A friend of mine once told me (sigh) that I didn’t have enough SEX on my blog and writing about 50 Shades of Grey this morning has got me thinking about it.
Not that I need or want my blog to be SEXY. That’s not my thing. But that I believe I can help non-vanilla folks with their relationships (using Astrology) and need to start marketing myself that way. Yes, my friends, marketing! It all comes back to marketing when Mars is transiting your 2nd House š
The 2nd House is not a mysterious house. It’s Taurus! Nothing subtle about these lovely creatures. And yet it opposes a mysterious house, the 8th. Your money (2nd) vs. other people’s (8th). What you own vs. what you may share. I mean YOU KNOW what’s in your 2nd: don’t you?
Or do you have Neptune there natally or by transit and try as you might you cannot pin down what you value or even who you are or what others owe you or where you stop and where someone else begins…
The 2nd House is a cut-off point. MINE. But a slippery MINE will tend to give away what, perhaps, should be kept.
I remember when I was a kid, an unpopular one, giving away my Peanuts books to some girl. Thought it would do me some good I suppose. Or was it that she asked me? Or that I intuited she wanted it? She probably didn’t value it. She had a big toothy smile and I remember her first and last name.
Without some 2nd House clarity, it can be hard to make decisions because what are they based on?
The 2nd House is your WEALTH but more than material, and I am departing from the traditional perspective here which considers the 2nd House “moveable goods.”
I have two planets in this house but I don’t think about it much. I think it’s time to pay a visit.
Love, MP
3 thoughts on “The 2nd House: A Moveable Feast”
Neptune in the second – NN, too.
I don’t know what to say about this. A couple of years ago, I wondered if this was the problem with my self-esteem: why couldn’t I see what others saw? And I’m talking about good, here, not bad. I avoid drugs, barely drink, don’t smoke – I’ve never needed anything like that for an escape. Books are special to me, and I used to be more creative (my dad recently showed me something that spoke of people feeling better when they drew happy pictures; I said, “I used to do that,” and he responded, “and you were a happy kid!”) Photography helps me.
I’m not a good salesperson, unless it’s something I really believe in. I’ve been so depressed, hurt and angry, but kindness is hugely important to me, and always has been. I used to care what people on here, and elsewhere, thought of me after witnessing me feeling so low and hurt (sometimes I still do care), but I know, as do others who have known and loved me for years, how important kindness is to me, and not dumping my rubbish on others. I pick up so much from others, that I need to isolate in order to feel better; I always avoided talking about anything that was wrong, because I knew that others didn’t need to be lumped with my problems, too, and I miss being that person so much – I was happier in general then – but it also worked to my detriment.

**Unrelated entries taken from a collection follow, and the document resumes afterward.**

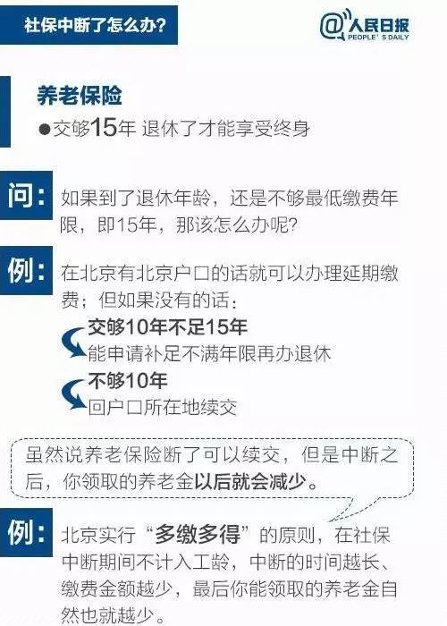 在养老保险问题上,必须要缴够15年才能领取养老金,如果社保中断,将会导致以后领取的养老金额度变小。
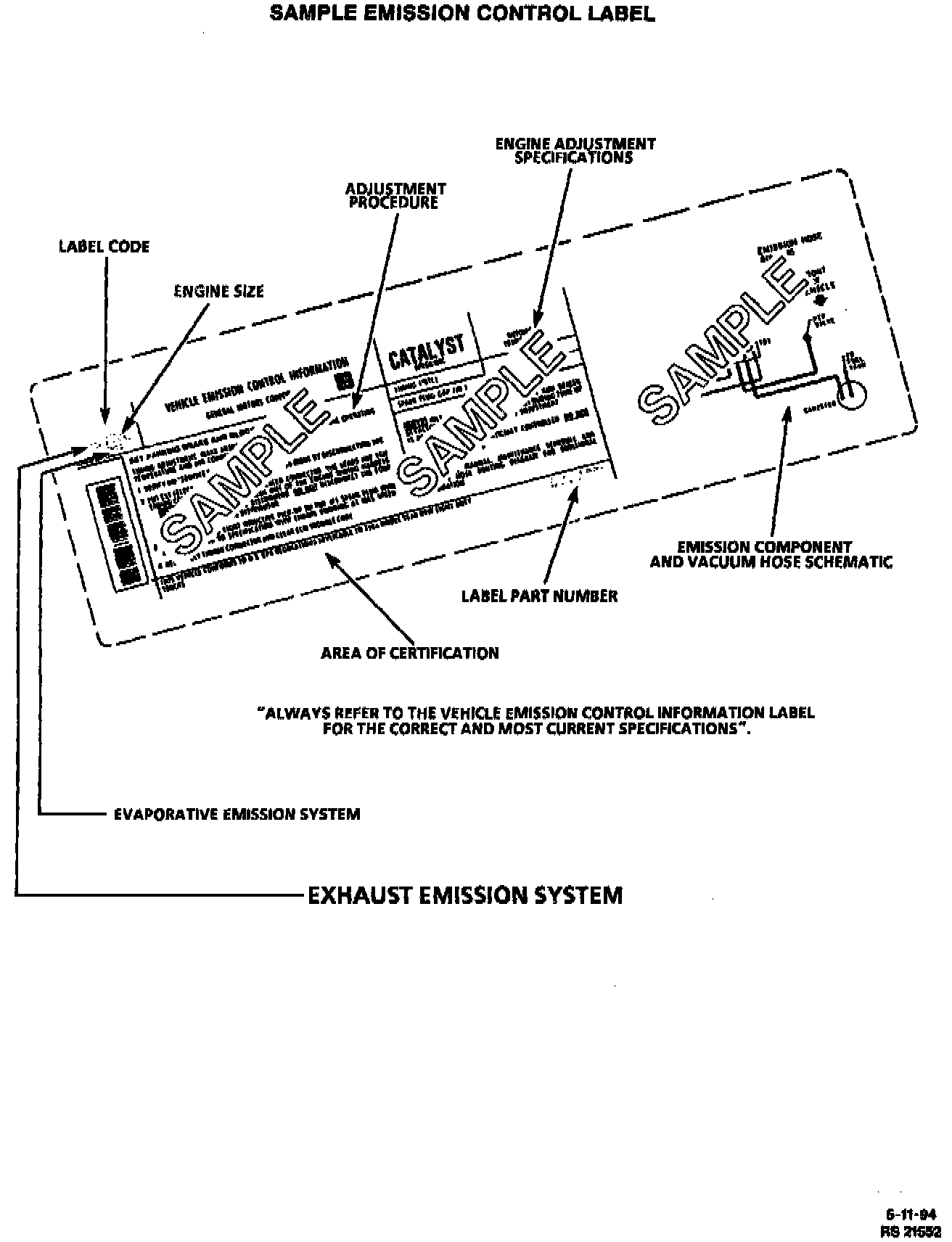 The underhood "Vehicle Emissions Control Information" label, a sample of which is located in the accompanying image, contains important emission specifications and setting procedures. In the upper left corner is exhaust emission information which identifies the year, the manufacturing division of the engine, the displacement of the engine in liters the class of vehicle, and type of fuel metering. The label also contains an illustrated emission components and vacuum hose schematic.
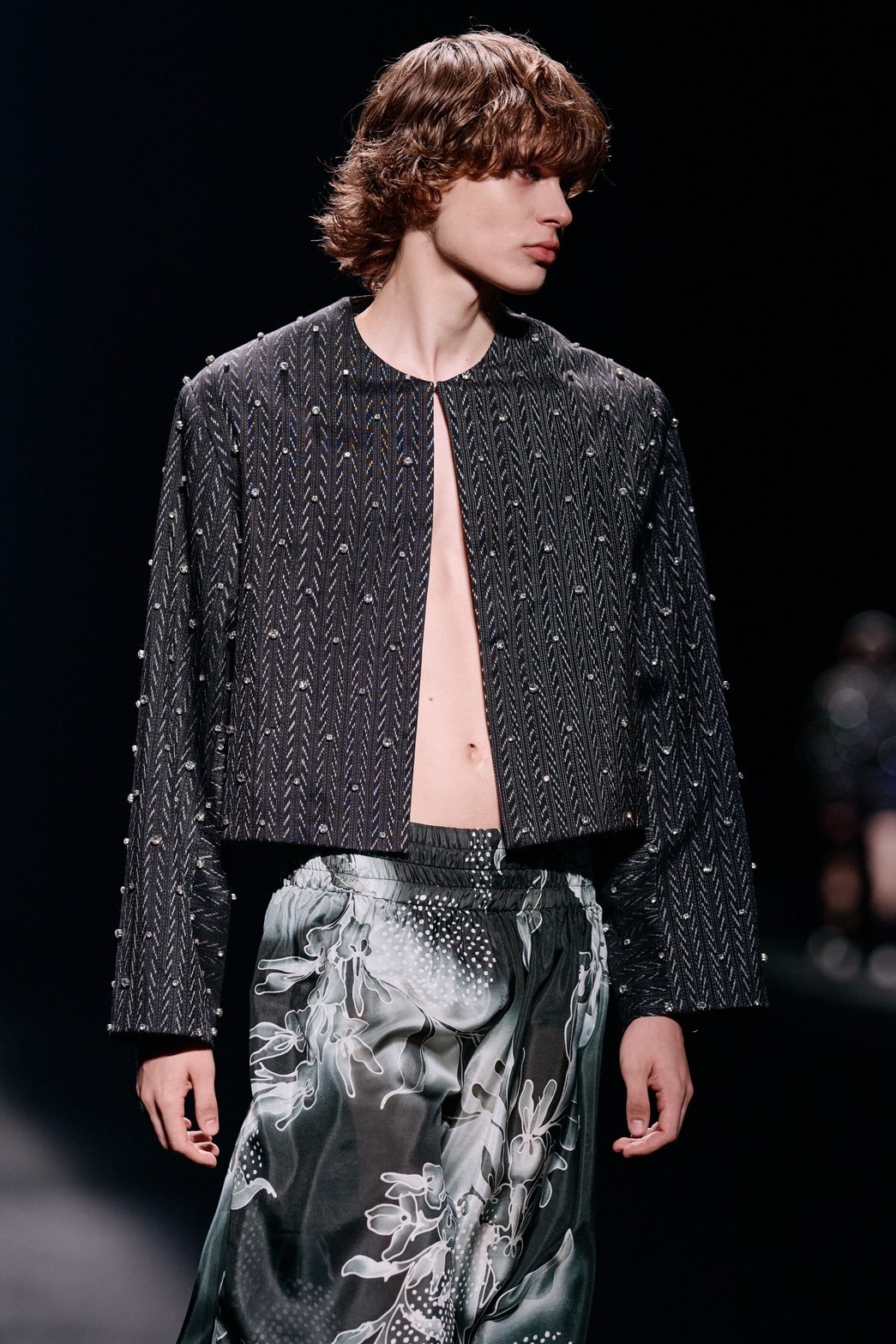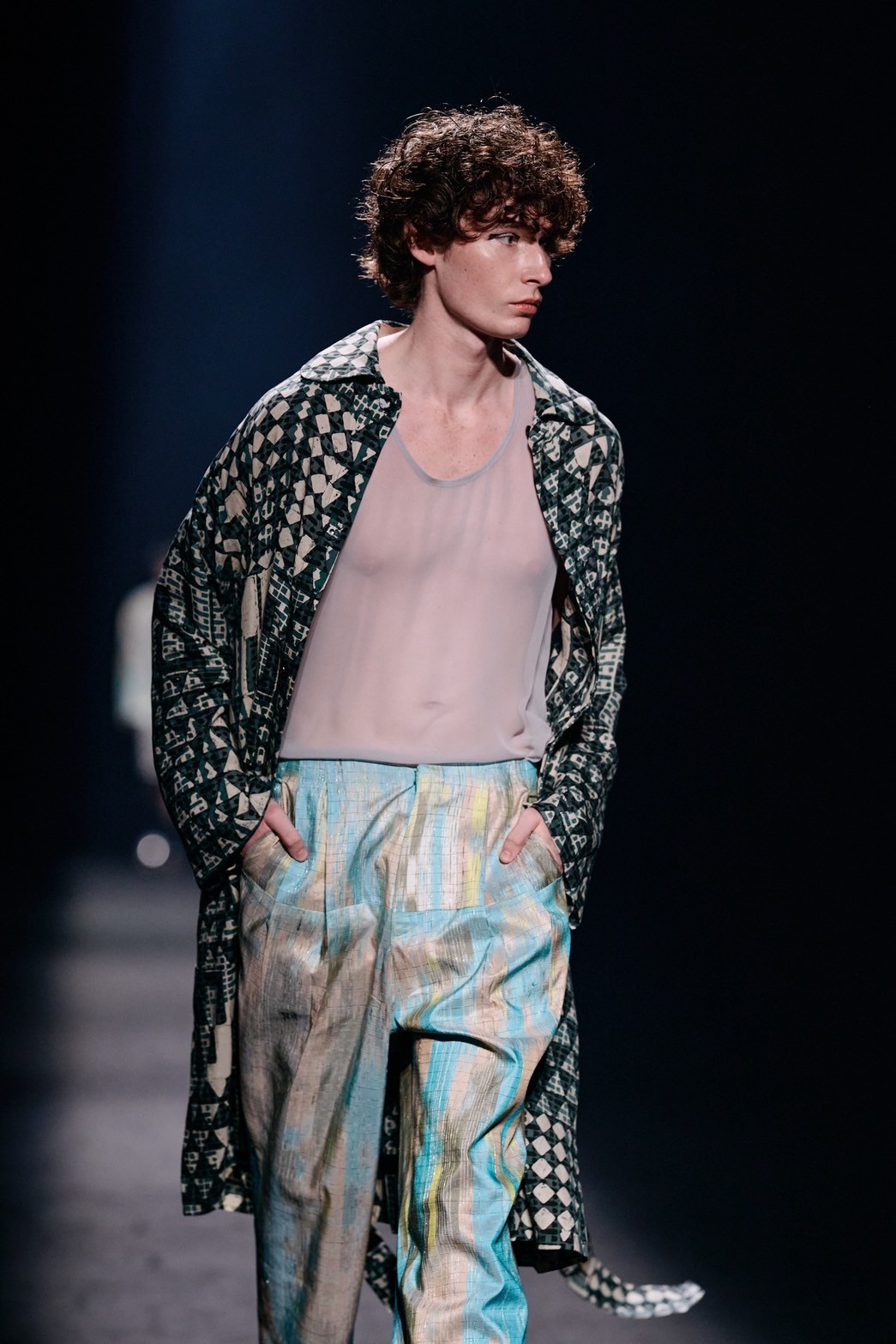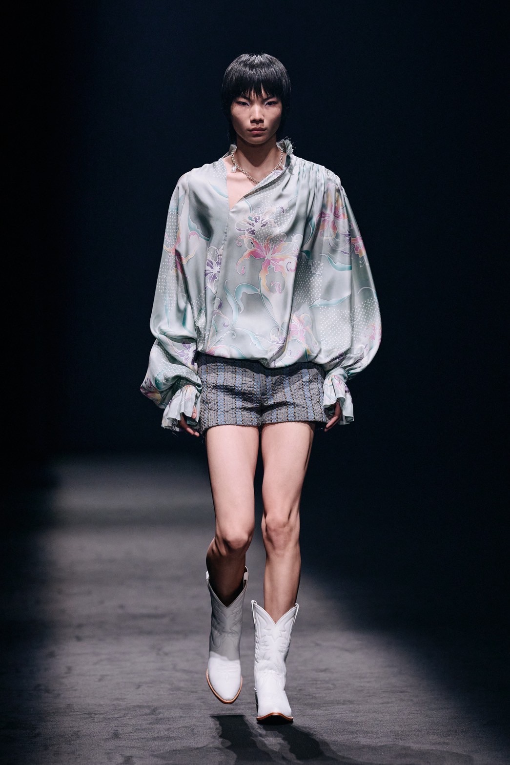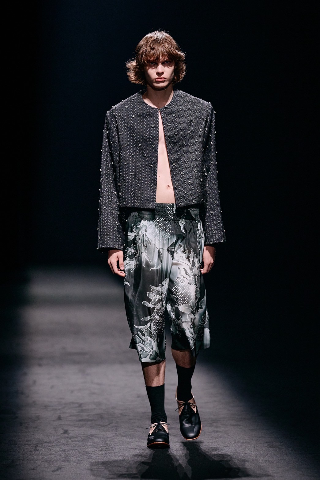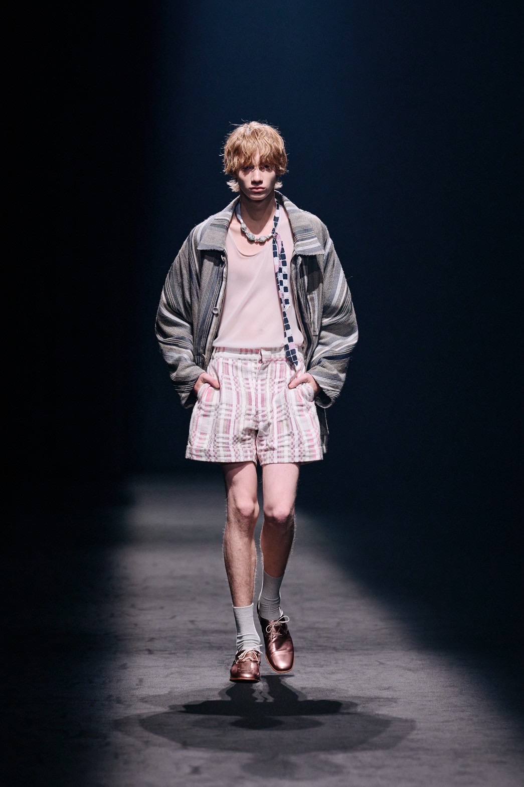 Thai fashion brand WISHARAWISH, led by designer Wisharawish Akarasantisook, renowned for his distinctive creations rooted in Thai textiles, presented its Spring/Summer 2026 collection at Rakuten Fashion Week Tokyo 2026 SS. The collection draws inspiration from the lives of “displaced hunters” in the quiet moments after their daily routines, when they pause to gather forest goods and forage for mushrooms on their way home. These small yet profound joys are delicately translated into contemporary fashion.

I didn’t realize Neptune was transiting my 2nd. Chiron, too. I don’t have anything there natally except retro Jupiter.
Chiron in 2nd Aquarius natally now I have retro Neptune and retro Uranus there doing the old confusing one two. I really have no clue how money is coming or how I’m to make it, so I’ve just surrendered to whatever shows up. I have however, revalued myself lately also with the help of Pluto going through my 1st house. Receiving and believing.